═══ DATA FOR PROCESSING

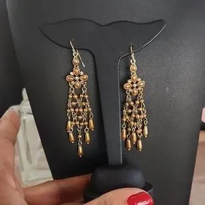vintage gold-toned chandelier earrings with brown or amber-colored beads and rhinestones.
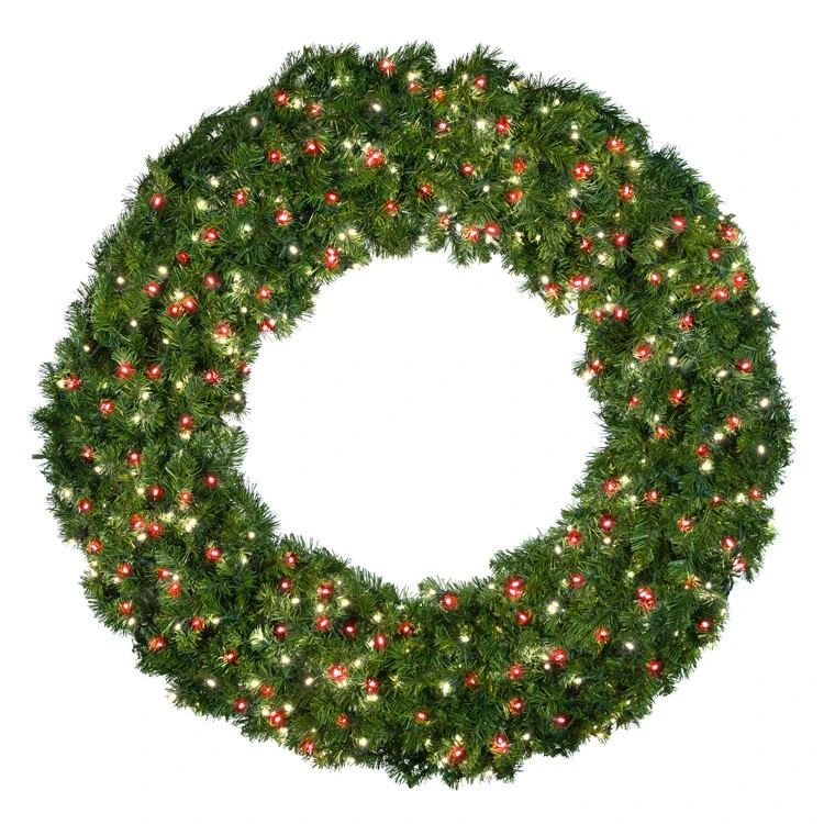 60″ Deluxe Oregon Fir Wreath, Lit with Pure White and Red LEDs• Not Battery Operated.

══════
═══ DATA FOR PROCESSING

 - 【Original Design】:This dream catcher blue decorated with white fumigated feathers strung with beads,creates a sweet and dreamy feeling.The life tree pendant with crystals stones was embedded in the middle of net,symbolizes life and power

══════
═══ DATA FOR PROCESSING

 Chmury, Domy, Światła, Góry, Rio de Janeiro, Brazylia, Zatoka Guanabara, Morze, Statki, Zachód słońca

══════

Given the entries above, transcribe exactly the lines from the one holding "vintage gold-toned chandelier" through the one holding "60″ Deluxe Oregon"; pictures do not belong in the transcription.

## WORKED SOLUTION
vintage gold-toned chandelier earrings with brown or amber-colored beads and rhinestones.
 60″ Deluxe Oregon Fir Wreath, Lit with Pure White and Red LEDs• Not Battery Operated.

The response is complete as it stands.